#### WHAT YOU HAVE TO DO
In the records that follow, find each line with the word "Plodnice" and copy it.

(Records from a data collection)

= Beginning of Section =

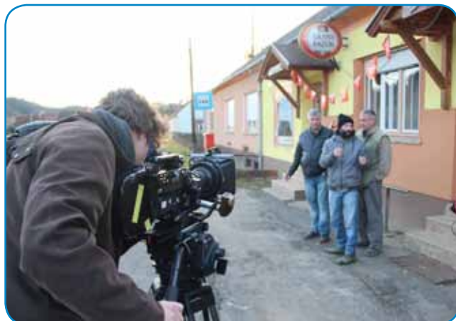
Režiser Ivanišin skrak Zavcove krčme tanače davle Škaper Tomini pa Lacini Lazar. Nad kamero direktor fotografije Gregor Božič gleda.
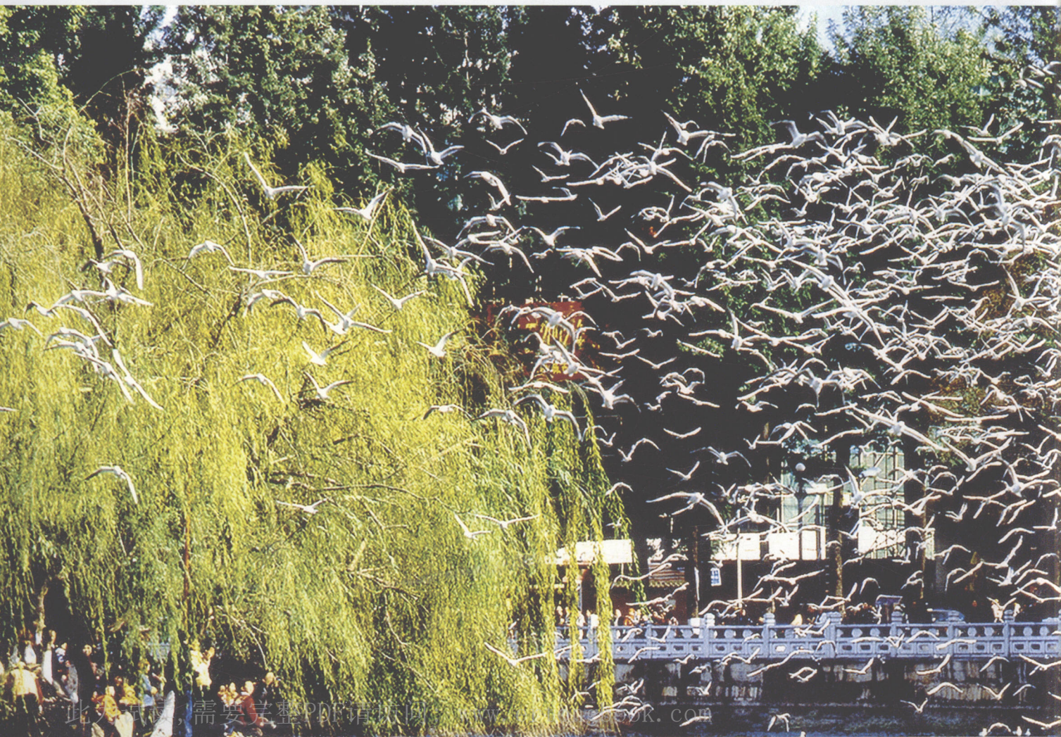
昆明·翠堤鸥湖似云行
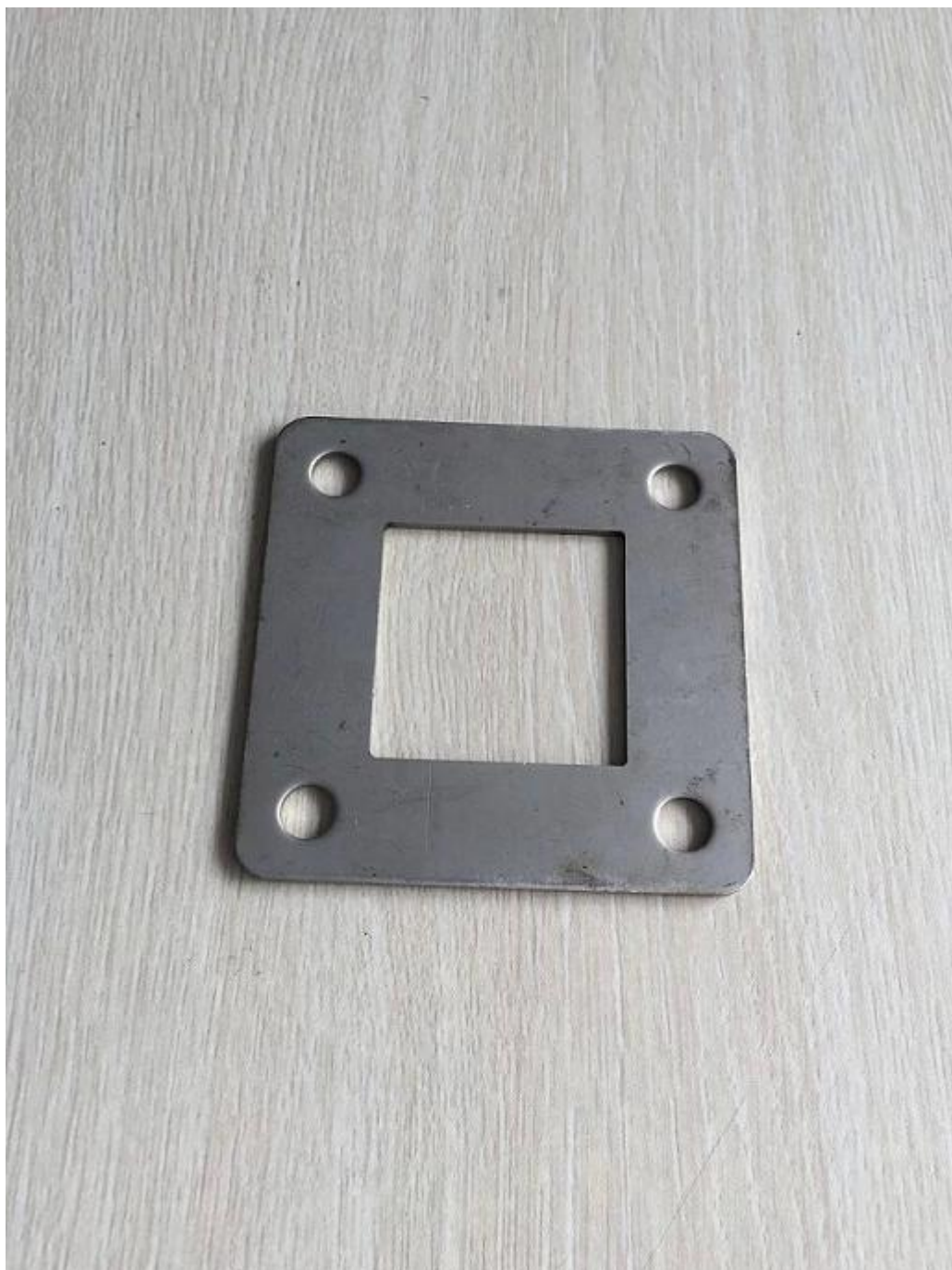
Modelo no .: CP113
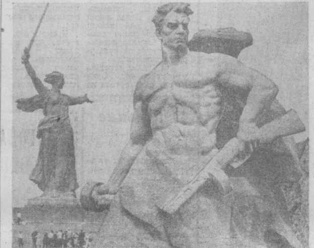
На Мамаевом кургане тишина...

Проблем немало, и решать их нужно в комплексе. Каковы перспективы развития диетического питания в городе? В новой пятилетке в Ташкенте откроются 2 диетические столовые, оснащенные современным технологическим оборудованием, — в Шахматовском доме на 100 мест, при реставрации «Заряфана» на 200 посадочных мест. Кроме того, значительно увеличится число столовых на промышленных предприятиях, в учебных заведениях, при строительстве которых будет уделено внимание организации у них диетического питания. При этом проводится опыт работы переводов коллектива диетической столовой № 1 Кировского треста столовых. М. ЖУКОВА, экономист.
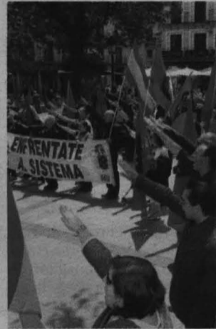
Momento de la concentración promovida por la Falange.
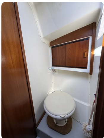
S & S 30 IVALU 55
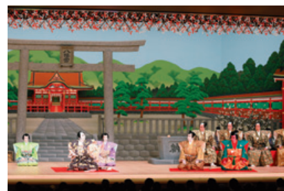
平成29年5月 歌舞伎座「梶原平三誉石切」
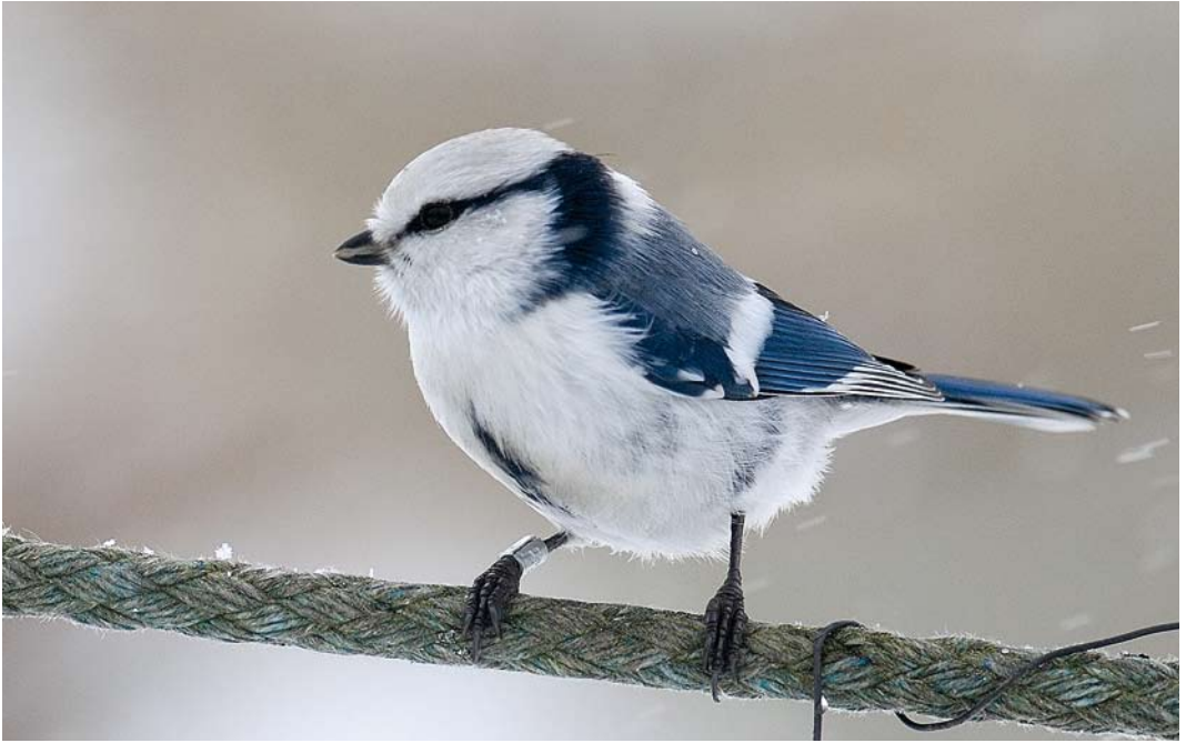
307-308 Hybrid Azure x European Blue Tit / hybride Azuurmees x Pimpelmees Cyanistes cyanus x caeruleus , Kuusamo Sossonniemi, Finland, 3 March 2007. This individual could be a second-generation hybrid since it was so similar to Azure Tit.
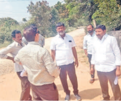
రైల్వే బ్రిడ్జి నిర్మాణం చేసే స్థలాన్ని పరిశీలిస్తున్న రైల్వే అధికారులు, స్థానిక నాయకులు
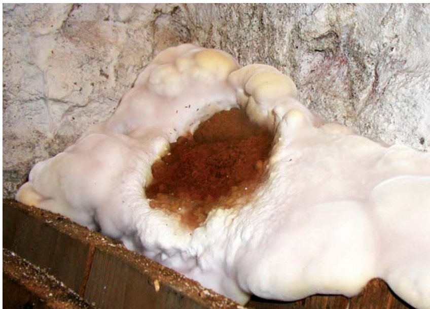
Obr. 3 Plodnice dřevomorky

Dřevomorka prorůstá různými lignocelulózovými materiály, ale také zdivem, maltou atd. Plodnice je na okraji bílo-žlutá, ke středu oranžová, až oranžovo-hnědá až hnědo-rezavá. Na větší vzdálenost (i několika metrů) se rozrůstá pomocí provazců – rhizomorf.
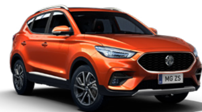
Hoxton Orange (en option)
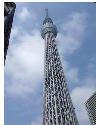
東京スカイツリー！（634m）
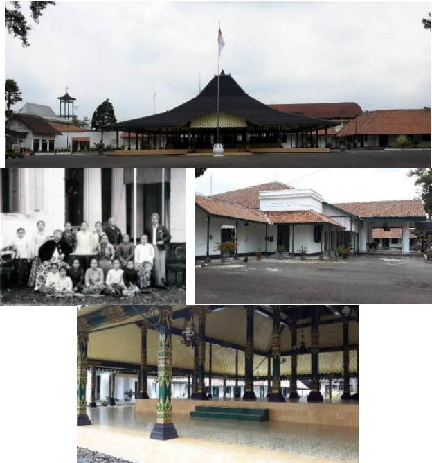
Gambar 12. Komplek Pendopo Kabupaten Wonosobo

masa depan Timor Timur, Pulau cocos, Pulau Christmast, Sabah, Vietnam dan Khmer (sumber: jejak langkah Pak Harto 27 Maret 1973-23 Maret 1978, hal 155 – 156, ditulis Tim Dokumentasi Presiden RI).
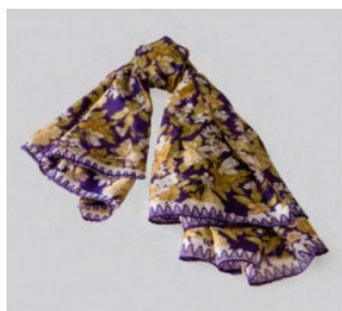
Pareo in seta
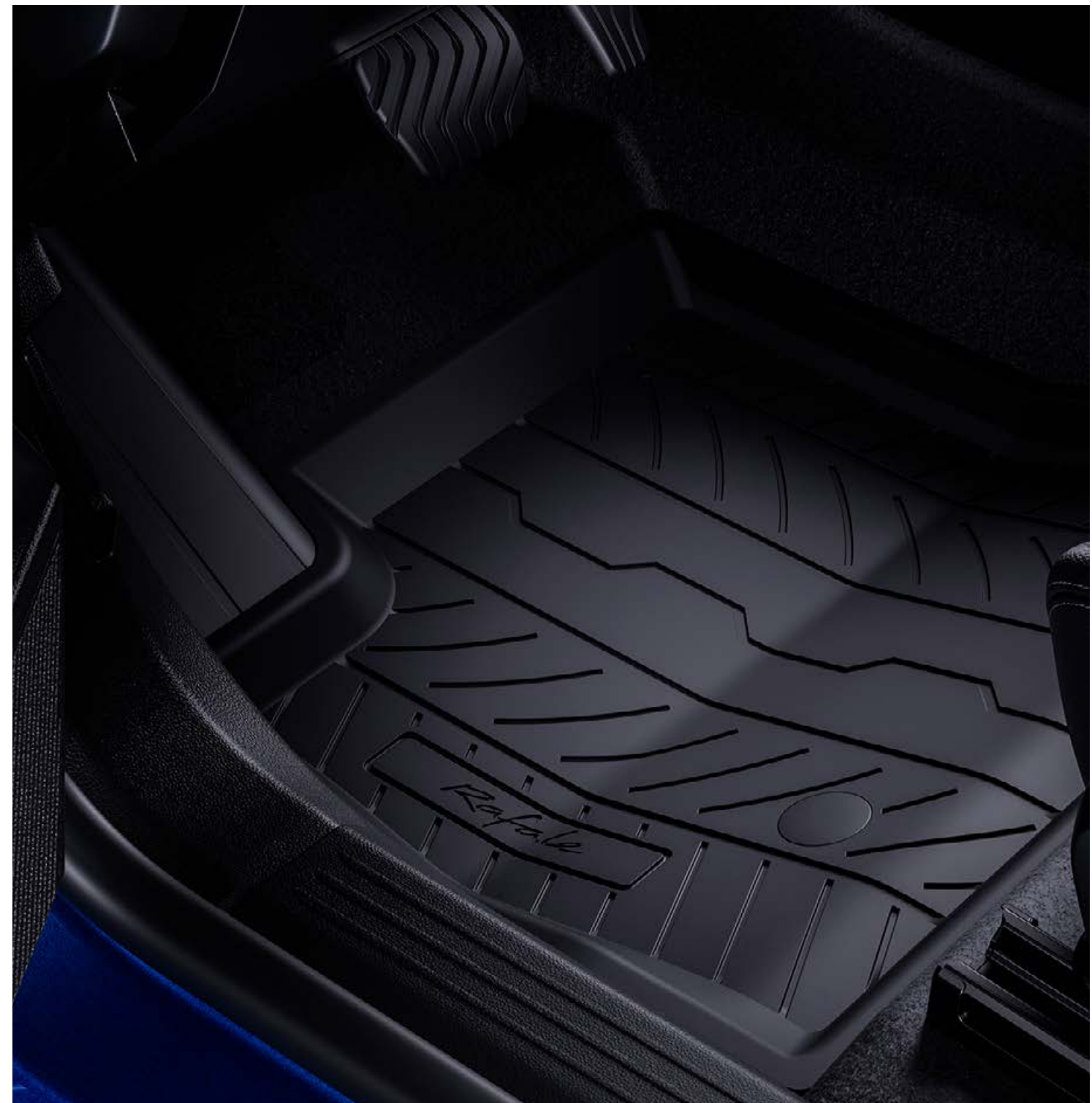
gumové koberce – sada 4 kusov

= End of Section =

#### YOUR RESPONSE
Obr. 3 Plodnice dřevomorky
Dřevomorka prorůstá různými lignocelulózovými materiály, ale také zdivem, maltou atd. Plodnice je na okraji bílo-žlutá, ke středu oranžová, až oranžovo-hnědá až hnědo-rezavá. Na větší vzdálenost (i několika metrů) se rozrůstá pomocí provazců – rhizomorf.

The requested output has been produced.